Source data
______________________________

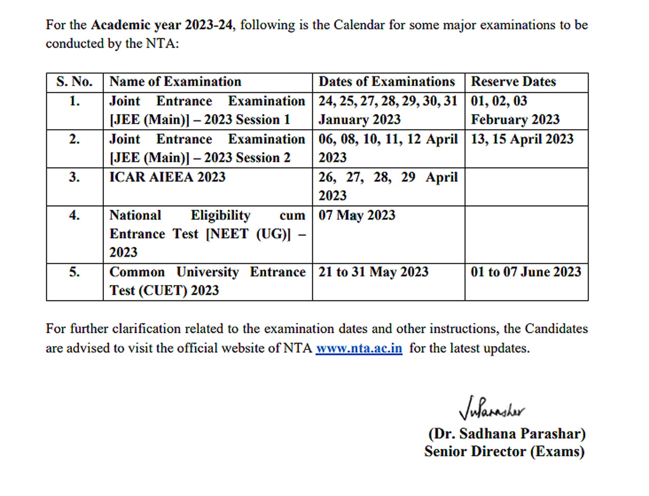 Download NTA Exam Calendar 2023 | Click Here | ||||
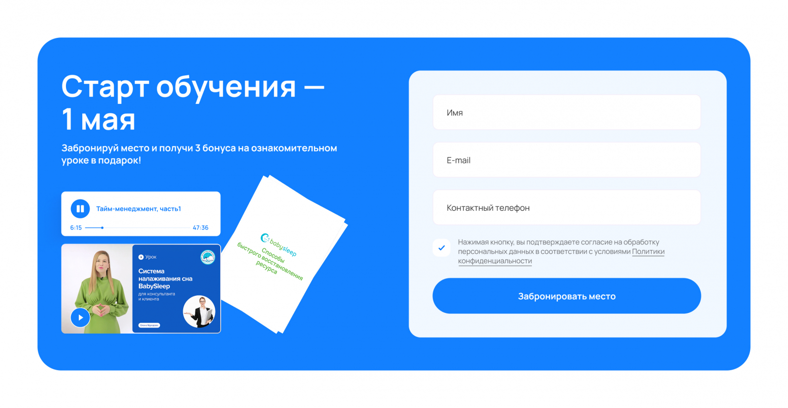 Клиент переживал: «Как показать, что у нас крутые материалы — и видео, и конспекты, и аудио?» Наше решение: не писать об этом, а дать “потрогать” прямо на лендинге. Мы вынесли плееры, PDF-файлы и фрагменты видео на главный экран. Человек может сразу скачать конспект или послушать демо-урок. Это закрыло все возражения еще до этапа оплаты.
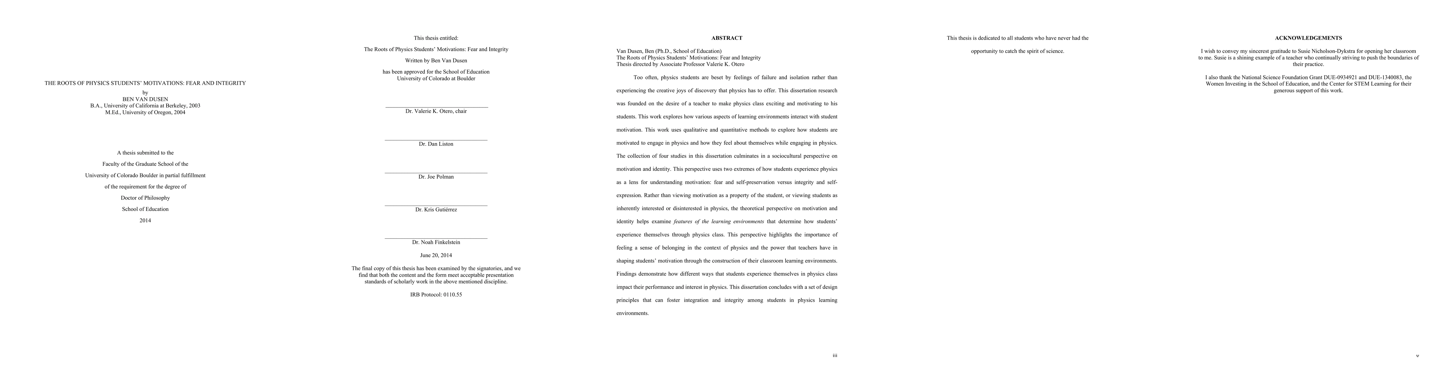 Too often, physics students are beset by feelings of failure and isolation rather than experiencing the creative joys of discovery that physics has to offer. This dissertation research was founded on the desire of a teacher to make physics class exciting and motivating to his students. This work explores how various aspects of learning environments interact with student motivation. This work uses qualitative and quantitative methods to explore how students are motivated to engage in physics and how they feel about themselves while engaging in physics. The collection of four studies in this dissertation culminates in a sociocultural perspective on motivation and identity. This perspective uses two extremes of how students experience physics as a lens for understanding motivation: fear and self-preservation versus integrity and self-expression. Rather than viewing motivation as a property of the student, or viewing students as inherently interested or disinterested in physics, the theoretical perspective on motivation and identity helps examine features of the learning environments that determine how students experience themselves through physics class. This perspective highlights the importance of feeling a sense of belonging in the context of physics and the power that teachers have in shaping student motivations through the construction of their classroom learning environments. Findings demonstrate how different ways that students experience themselves in physics class impact their performance and interest in physics. This dissertation concludes with a set of design principles that can foster integration and integrity among students in physics learning environments.
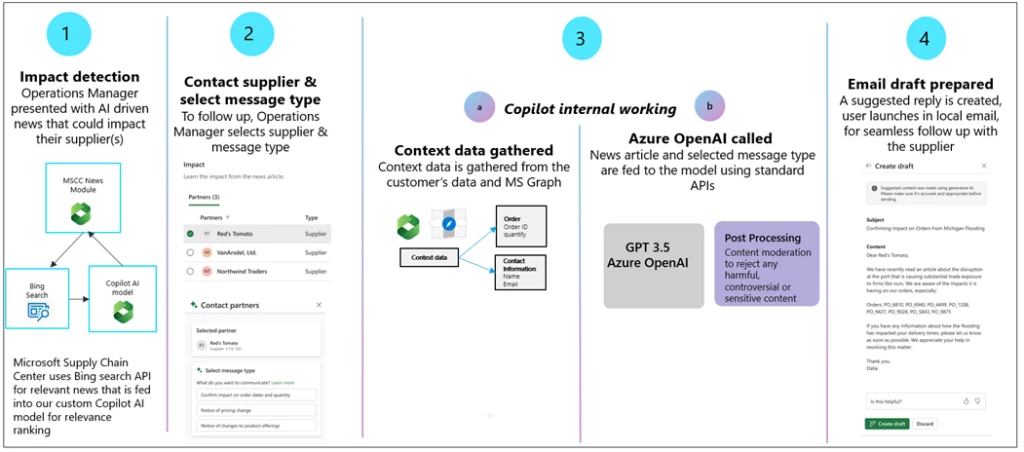 We’re excited to launch Copilot in Microsoft Supply Chain Center,  which harnesses generative AI to assist Supply Chain managers in real-time communication with suppliers regarding specific news.
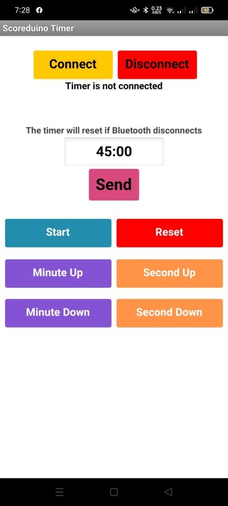 Step 4: Go to Scoreduino’s timer app and press Connect. Select the Bluetooth module from the list of Bluetooth devices. If the timer is connected, you hear ‘Timer is connected’ sound and the app interface will also display a text ‘Timer is connected’. You will also notice a red flashing LED on the board which indicates the connection between your phone and timer.
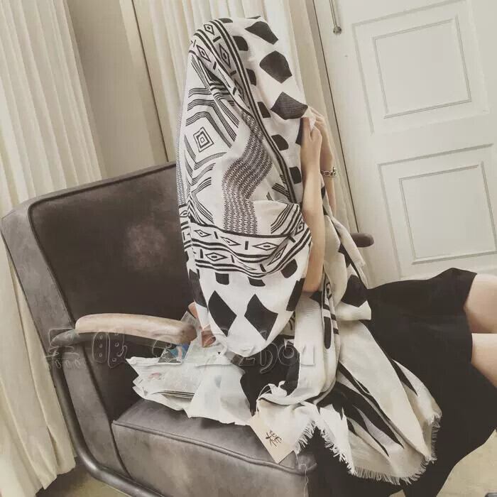 2016 新しい夏の日焼け止め特大ショールエアコンスカーフ黒と白の多用途ソフトビーチタオルガーゼスカーフサイクリング ホワイト ブラック サマー 夏物 15dd16350634320

______________________________

Once you find the line containing "Step 4: Go to", retype it and every line after it through the last line of the records above, exactly. Add nothing else, and leave out the pictures.

COMPLETED EXERCISE:
 Step 4: Go to Scoreduino’s timer app and press Connect. Select the Bluetooth module from the list of Bluetooth devices. If the timer is connected, you hear ‘Timer is connected’ sound and the app interface will also display a text ‘Timer is connected’. You will also notice a red flashing LED on the board which indicates the connection between your phone and timer.
 2016 新しい夏の日焼け止め特大ショールエアコンスカーフ黒と白の多用途ソフトビーチタオルガーゼスカーフサイクリング ホワイト ブラック サマー 夏物 15dd16350634320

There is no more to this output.